No Law: Intellectual Property in the Image of an Absolute First Amendment

By David L. Lange; H. Jefferson Powell | Go to book overview

Errata And Apocrypha

NO DOUBT SOME MISTAKES have crept into our book. No doubt we have failed to note some works that might have merited acknowledgment. No doubt we have cited some in error. In a project of such length, and one that has taken several years to complete, it would be remarkable were it otherwise. For such errors and omissions as there may be, we apologize. We will welcome corrections from readers.

As we go to press, meanwhile, we note two instances in which we have boldly stated as fact what may well be merely apocryphal. One is the suggestion (in Chapter 2) that Judge Hand's manuscripts in Nichols and Sheldon “are preserved under glass in the Copyright Office.” We were told as much some years ago, and believe that there is probably at least some truth to the story. But the Copyright Office is currently undergoing renovation, with considerable resulting disarray. We have been able neither to confirm our claim, nor to discount it altogether.

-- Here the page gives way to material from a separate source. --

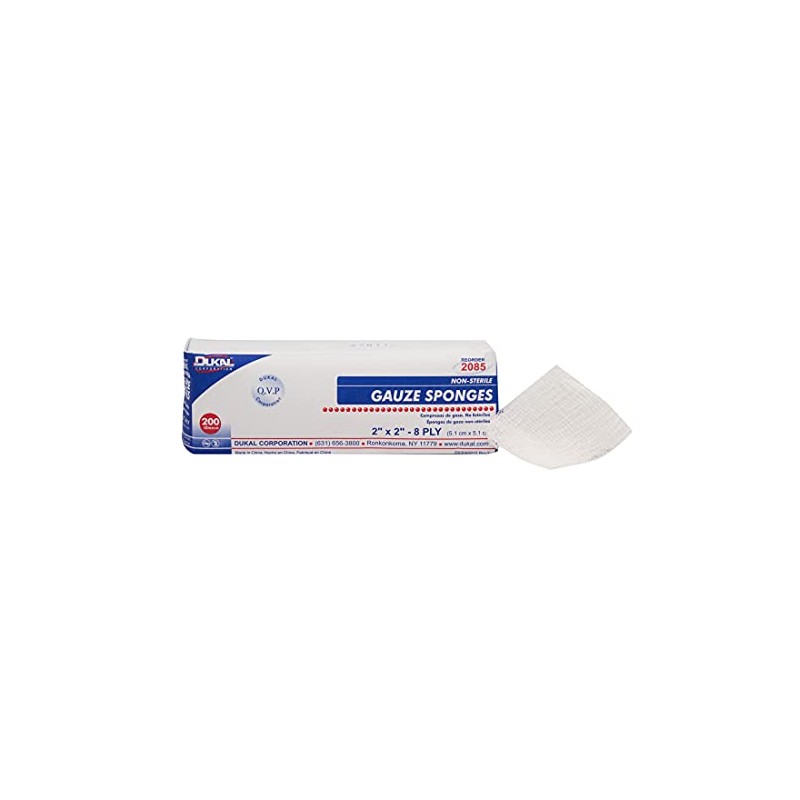 Dukal Gauze Sponge, 8-Ply, Non Sterile, 2" x 2", White (Pack of 5000)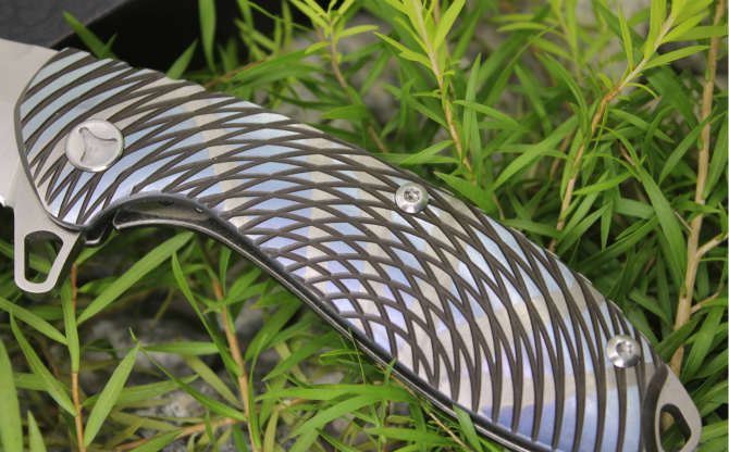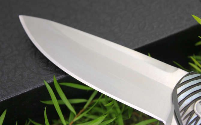 最新的拔手钉快开方式,开合更顺畅,全钛刀柄,刀片采用D2材料,全手工打磨,线条流畅;最高要求的精准的外六角止位钉,更显工艺高超;内嵚式合金锁位片,使刀柄表面光滑,给人最美观感!这就是全新的

It is a charming story, and we have decided to leave it as is.

For similar reasons we have decided not to delete the anecdote involving the nineteenth-century patent commissioner whose supposed observations about coming to the end of patentable subject matter have been retailed frequently over a rather long period of time. We have actually discovered a web site that seeks to debunk the tale as myth; we imagine that myth it probably is. But it is still well-embedded in the lore and culture of patent law, and we like it. In fact we like it enough to have included it twice. An old friend used to recite a bit of doggerel that seems suited to the occasion: “A little nonsense now and then is relished by the wisest men.” We do not claim to be wise, but we beg the reader's indulgence in this small matter nevertheless.